Aim of the exercise → The data below should be transcribed in full, with no picture included.

Raw data →
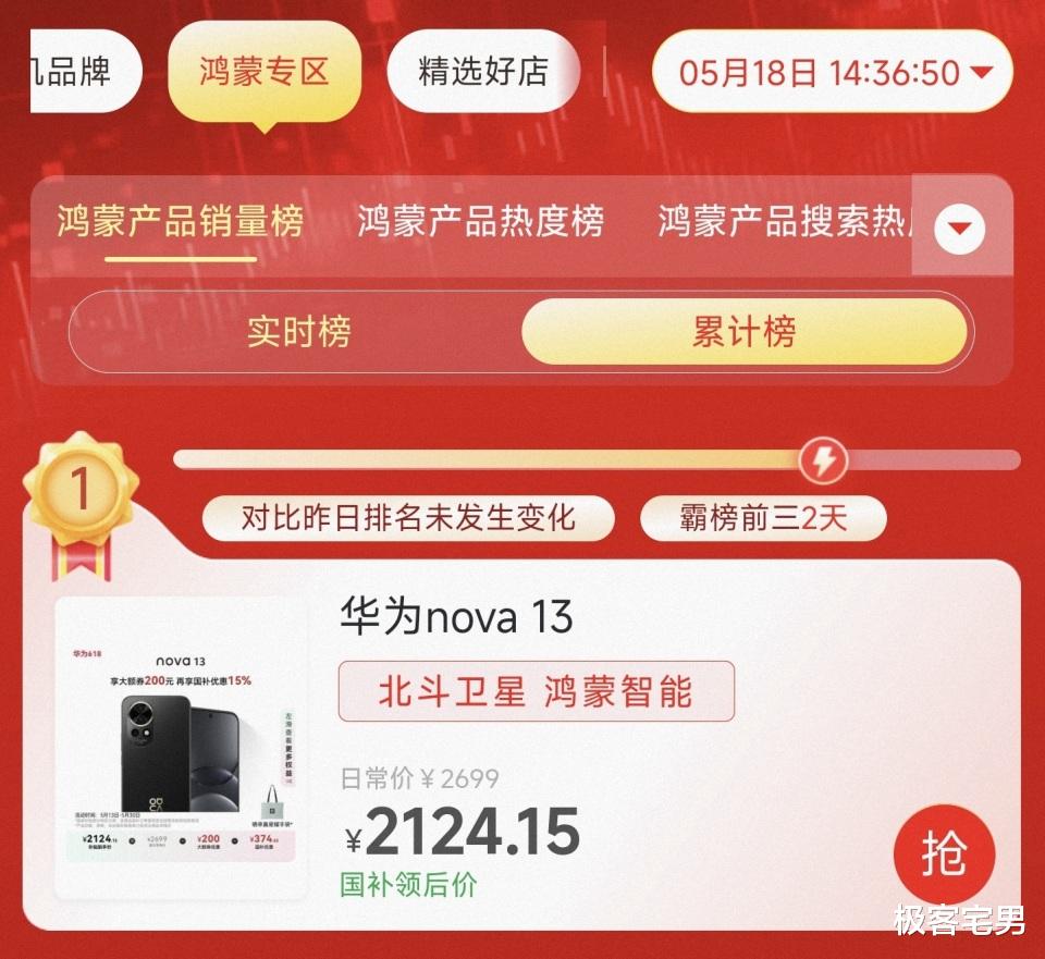 在一年当中最值得换手机的节点之一,无疑就是618。无论你是“等等党”还是“刚需族”,这个时间点往往都能碰上一波大促。不光是手机厂商给力让价,平台也会撒出不少红包补贴,对于普通消费者来说,只要挑对了型号,确实可以省下一笔不小的开支。但问题也随之而来:选择太多,反而不知道该买哪个。而如果你本身就是偏爱华为品牌的用户,那目前冲上618热销榜第一的华为nova13,可能就值得一看了。
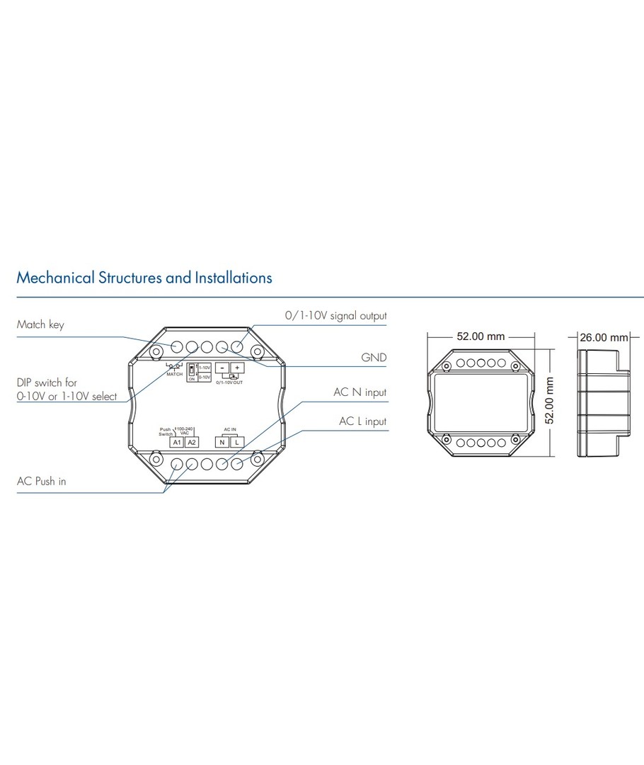 Met de compacte afmetingen van slechts 52 x 52 x 26 mm kan de rWave dimmer gemakkelijk worden geïntegreerd in bestaande elektrische installaties. Hij is ontworpen voor aansluiting op een 230V voeding, wat hem ideaal maakt voor moderne woonomgevingen.
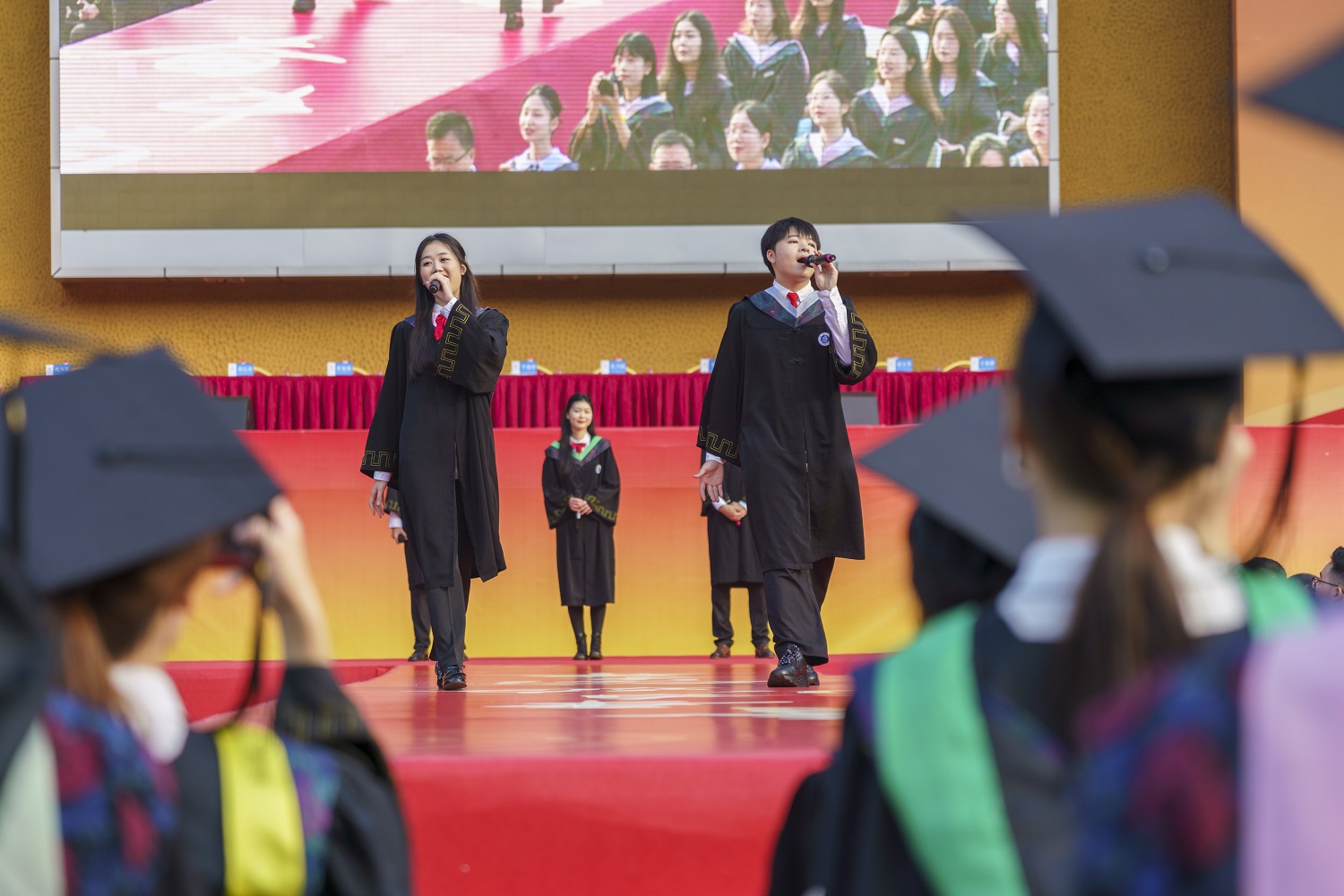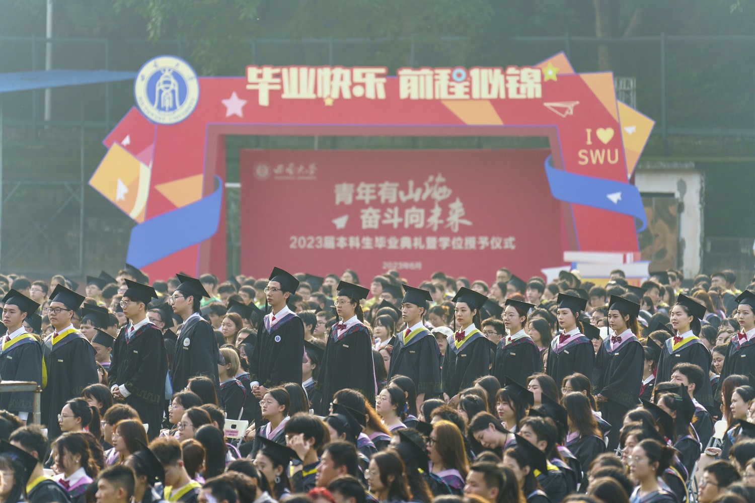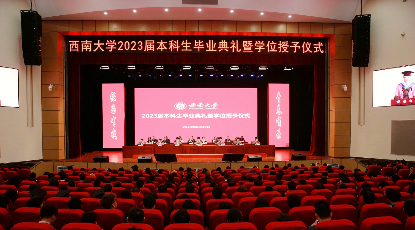 毕业典礼暨学位授予仪式在全场师生齐唱《西南大学校歌》中圆满结束。

The completed task →
 在一年当中最值得换手机的节点之一,无疑就是618。无论你是“等等党”还是“刚需族”,这个时间点往往都能碰上一波大促。不光是手机厂商给力让价,平台也会撒出不少红包补贴,对于普通消费者来说,只要挑对了型号,确实可以省下一笔不小的开支。但问题也随之而来:选择太多,反而不知道该买哪个。而如果你本身就是偏爱华为品牌的用户,那目前冲上618热销榜第一的华为nova13,可能就值得一看了。
 Met de compacte afmetingen van slechts 52 x 52 x 26 mm kan de rWave dimmer gemakkelijk worden geïntegreerd in bestaande elektrische installaties. Hij is ontworpen voor aansluiting op een 230V voeding, wat hem ideaal maakt voor moderne woonomgevingen.
 毕业典礼暨学位授予仪式在全场师生齐唱《西南大学校歌》中圆满结束。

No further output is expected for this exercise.